* **HOW TO COMPLETE THIS TASK**:
Restate the listing below word for word, pictures excluded.
::: DATA BLOCK
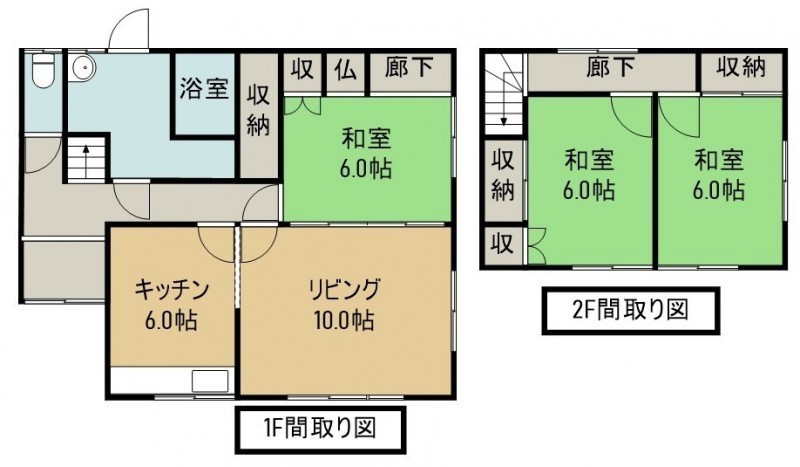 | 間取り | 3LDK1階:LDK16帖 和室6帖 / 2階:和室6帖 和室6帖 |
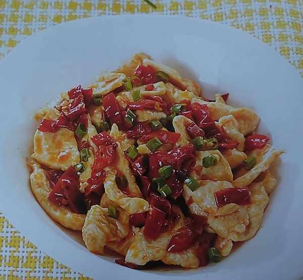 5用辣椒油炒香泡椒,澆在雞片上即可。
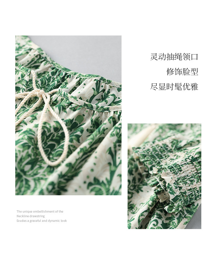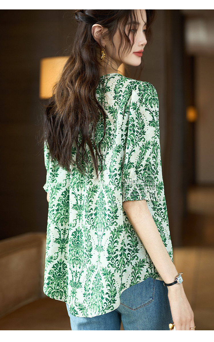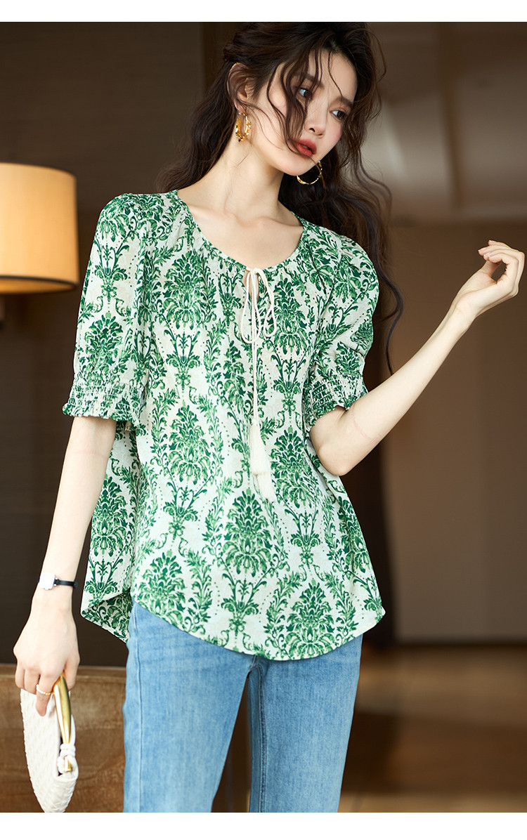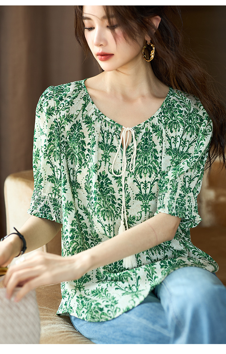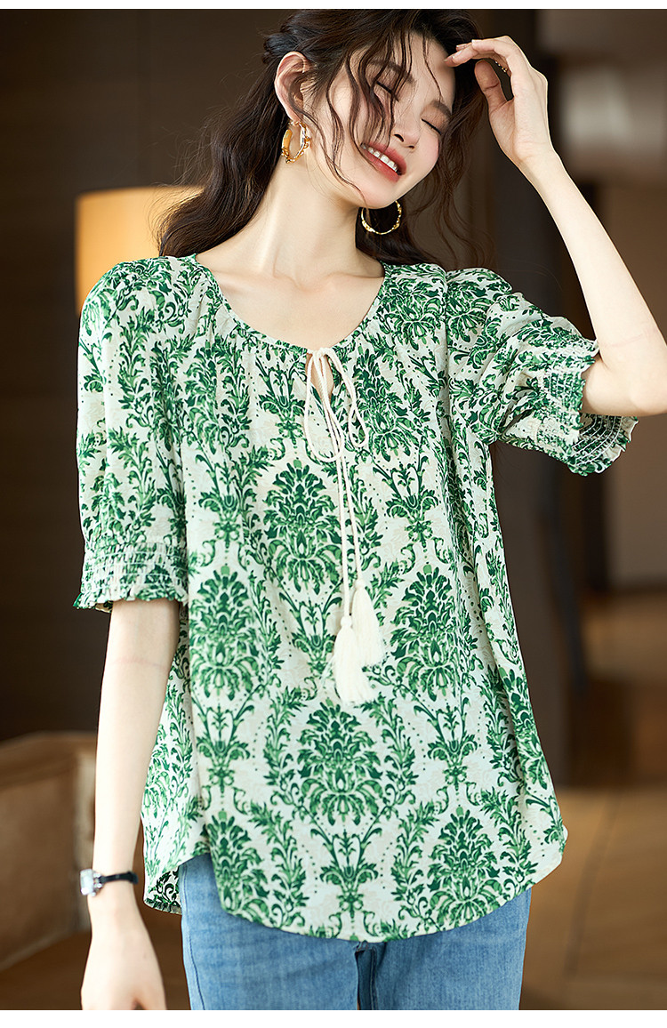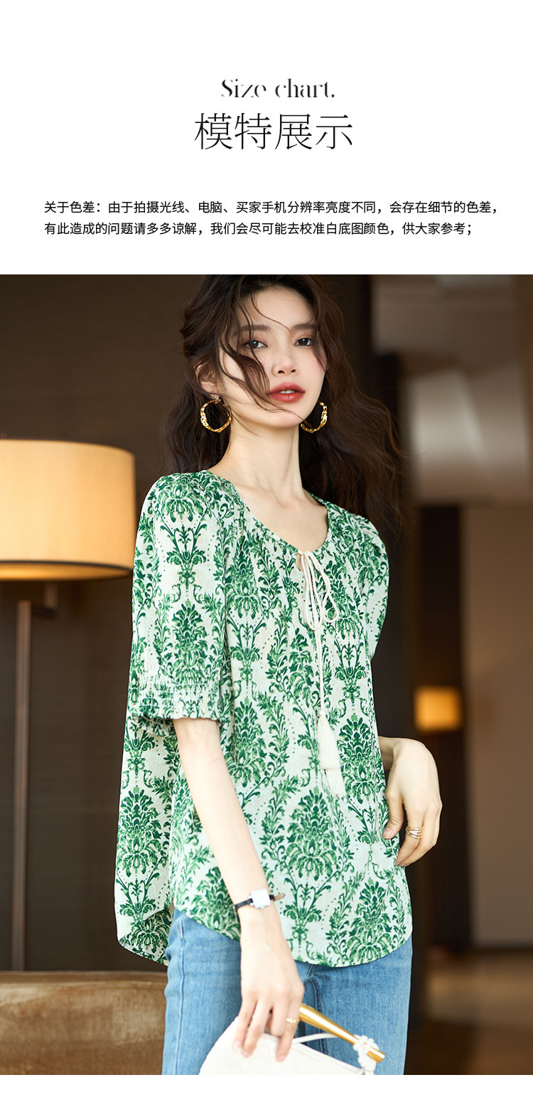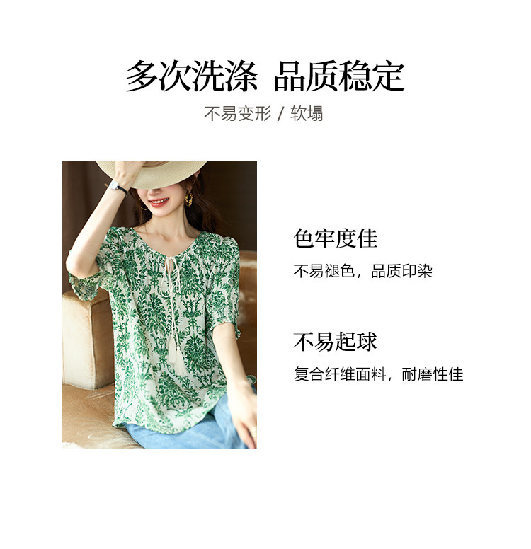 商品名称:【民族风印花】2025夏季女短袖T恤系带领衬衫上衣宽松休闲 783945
::::::
* **SOLUTION BELOW**:
 | 間取り | 3LDK1階:LDK16帖 和室6帖 / 2階:和室6帖 和室6帖 |
 5用辣椒油炒香泡椒,澆在雞片上即可。
 商品名称:【民族风印花】2025夏季女短袖T恤系带领衬衫上衣宽松休闲 783945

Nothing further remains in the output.